In ogni caso, bisogna sempre guardare alla specifica situazione del paziente, poiché all’interno di una stessa
materia diagnostica possiamo trovare tipologie diverse di soggetti. Per esempio, Blatt ne individua due tipi. I
depressi anaclitici sono caratterizzati da sentimenti di impotenza, solitudine e fragilità correlati a paura di
abbandono, e presentano sintomi di disforia (tristezza e tono basso dell’umore). Hanno un intenso desiderio di
essere accuditi, protetti ed amati, vulnerabili alla rottura delle relazioni; utilizzano meccanismi di difesa come
rimozione, spostamento e diniego. I depressi introiettivi guardano più alla sviluppo del Sé e soffrono solo
secondariamente delle relazioni interpersonali. Utilizzano i meccanismi di intellettualizzazione e
razionalizzazione, sono eccessivamente perfezionisti e competitivi e puntano a livelli ottimali di soddisfazione
lavorativa. I sintomi riguardano sentimenti di fallimento, colpa e inutilità.
Psicodinamica del suicidio
Il suicidio può essere il risultato finale di molti disturbi psichici, ma comunemente è associato ai disturbi
affettivi. I fattori determinati sono sia biologici che psicologici: in molti casi la sola psicoterapia non è
sufficiente a ridurre gravi tendenze suicidarie. Le motivazioni di tali tendenze possono essere delle più
disparate: il clinico dovrà quindi ascoltare attentamente la particolare storia del soggetto per capire gli aspecifici
aspetti del transfert. 19
Freud, in linea con la sua teoria sulla depressione, affermava che il suicidio avvien nel momento in cui si
spostano gli impulsi omicidi dall’oggetto interiorizzato al Sé.

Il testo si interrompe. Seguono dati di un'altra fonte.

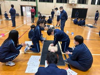 2年生 救命救急 公開日 2023/03/07 更新日 2023/03/07 学校の様子 先週2年生が救命救急の講習を受けました。 毎年2年生の保健体育科で行う実習で、昨年まではコロナの影響で消防署の方が来ていただけなかったのですが、今年は来ていただき、実習ができました。 人形を使い、心肺蘇生の方法を学び、AEDの使い方なども学習しました。生徒たちは、消防署の方が持ってきてくださった「普通救命講習修了証」を受け取っていました。

Dopo il modello strutturale, si corresse dicendo
che il suicidio è una vittimizzazione dell’Io da pare del Super-Io sadico.
Menninger parla, invece, di come ci siano tre desideri che portano all’atto suicida: il desiderio di uccidere, di
essere ucciso e di morire. Il desiderio di uccidere non deve essere per forza essere diretto verso un oggetto
interno: per esempio il suicidarsi può essere letto come l’unico modo per punire a dovere i propri genitori.
Il tema ricorrente nei pazienti con tendenze suicide è il dramma del tormentatore sadico (carnefice segreto) e
della vittima vessata: il paziente può prendere il ruolo di entrambi i personaggi e arrivare alla stessa
conclusione. Il suicidio non deve per forza venire da un atto di aggressività; spesso può essere legato ad un
desiderio di riunificazione con l’oggetto amato perduto, l’oggetto reale perduto (morte di una persona cara) o
dell’oggetto interno (figura materna perduta). In questi soggetti è presente un processo patologico di lutto; le
ricerche dimostrano come la maggior parte dei suicidi avvenga il giorno dell’anniversario di morte dei genitori.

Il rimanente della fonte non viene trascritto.